In an effort to investigate further tuning of the myocardial kinetics of guanidine PET radiotracers to improve quantitative analysis and imaging of neuroendocrine tumors, we were interested in synthesizing hydroxyphenoxyethylguanidine analogues ([11C]-3-fluoro-4-hydroxyphenoxyethylguanidine ([11C]3F-PHPOG, [11C]3i), [11C]-1-(3-fluoro-5-hydroxyphenethyl)guanidine ([11C]3c), and [11C]-1-(3,4-dihydroxyphenethyl)guanidine ([11C]3d)). Since its initial discovery, guanidine has been found in a variety of natural products,17,18 and many guanidine synthesis methods have been investigated. However, while there has been extensive research devoted to studying guanidino compounds and their syntheses,17,18 methods for labeling guanidines with carbon-11 remain scarce. Almost 30 years ago, Westerberg and Långström synthesized [11C]MIBG,19 1,3-di(2-tolyl)-[11C]guanidine,20 and [11C]GG16721 using [11C]cyanogen bromide ([11C]BrCN).22 Building on this literature precedent, Raffel recently synthesized a variety of [11C]phenethylguanidines using similar approaches.13 However, the syntheses of all these radiolabeled guanidines were performed manually using homemade equipment that is no longer particularly amenable to routine clinical production demands in cGMP-compliant PET radiochemistry laboratories. To address this gap in radiochemistry, herein we report a new automated method for radiolabeling guanidines with carbon-11 and use it to prepare a series of [11C]guanidines. Proof-of-concept is demonstrated through preclinical cardiac PET in rabbits with [11C]3F-PHPOG

Our investigation began with optimization of the reaction conditions for the carbon-11 guanylation of a model compound, meta-fluorobenzylamine (1a) (Scheme 1 and Table 1). A GE TracerLab FXM automated synthesis module was used with simple modifications (see the Supporting Information).

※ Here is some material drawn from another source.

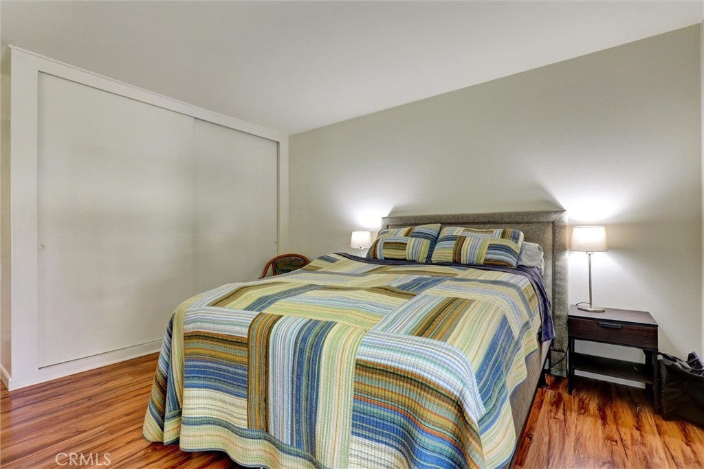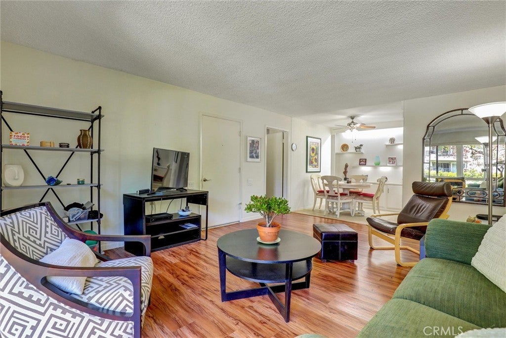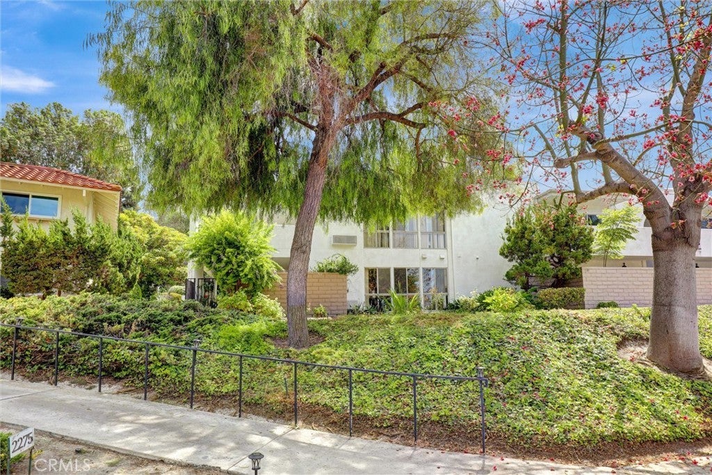 Great Location! Welcome home to Style, Comfort, Convenience, Privacy, Quiet & staying Cooler! Step into this beautifully updated and well-maintained manor where thoughtful design, details and a great location create an inviting living experience. Walk through the very large covered, shaded and private front patio---that is more like an outdoor room--and enter the front door to the spacious living room that stays cooler with natural northern light streaming through the windows overlooking the front yard and garden. Gleaming, waterproof vinyl plank floors add an easy-to-clean modern touch. The well-designed & updated kitchen is a showplace with easy-to-clean & heat resistant black granite counter tops, Italian marble tile backsplash, all stainless-steel appliances including a convenient undermount sink with an extra filtered water dispenser, a built-in vented microwave & glass-top range. Behind double doors in the kitchen is a full-sized stacked washer/dryer that's a necessary convenience & a welcome surprise! The dining room is friendly & inviting--it's main wall being carefully updated with eye-catching & modern display shelves that are ideal for showcasing your art, photos or cherished China. Both bedrooms are very well-situated on opposite ends of the floor plan for ultimate privacy and both have generous floor-to-ceiling closets. The updated bathroom has an oversized vanity, new lighting fixture and a convenient-to-enter modern walk-in shower. Go outside and enjoy the unusually large, shaded, cooler & private front patio to relax, entertain, grill or garden. A large, lockable built-in storage cabinet out there offers a handmade workbench area for tools, hobbies and also storing a bicycle if needed. Lots of curbside available street parking is a quick walk on the well-lit path right to the front door=a rare & valuable convenience in Laguna Woods! In addition there is a covered carport space with more lockable storage cabinets. As a resident of Laguna Woods Village, one of Orange County's most sought-after active adult communities, you'll enjoy resort-style living with an amazing array of amenities! Come and see the 7 clubhouses, 5 pools, pickleball, golf and so much more. Price just lowered, come and see this wonderful manor today.

To accomplish the transformation, [11C]hydrogen cyanide ([11C]HCN) was produced from [11C]CO2, and then converted to [11C]BrCN using pyridinium perbromide and Sb metal, per previous reports.5 The tube containing pyridinium perbromide and plug of Sb metal was connected inline between the process panel (where [11C]HCN is generated) and the FXM synthesis module. The flow of [11C]BrCN was then directly sparged into a solution containing amine precursor 1a in the reactor of the synthesis module. Initial generation of cyanamide intermediate [11C]2a proceeded in 42% RCY (based on HPLC analysis of the crude product as described in the Supporting Information) (Scheme 1). Encouraged by this initial result, we proceeded to investigate the subsequent generation of guanidine product [11C]3a (Table 1). However, initial efforts to treat cyanamide intermediate [11C]2a with ammonium chloride and generate guanidine product [11C]3a resulted in low yield (3%) (Table 1, entry 1). We hypothesized that the second step was slow and inefficient, and that increased temperature, pressure and/or reaction time could improve radiochemical yield. The automated module allows increasing the pressure of the reaction chamber by over pressurizing with nitrogen gas. Overpressurizing for 15 s was insufficient to notably improve yield of [11C]3a from [11C]2a (Table 1, entry 2). Switching to a saturated ammonium chloride solution and further increasing the time to over pressurize the rector resulted in an improved radiochemical yield of 36–49%, n = 2 (Table 1, entry 3).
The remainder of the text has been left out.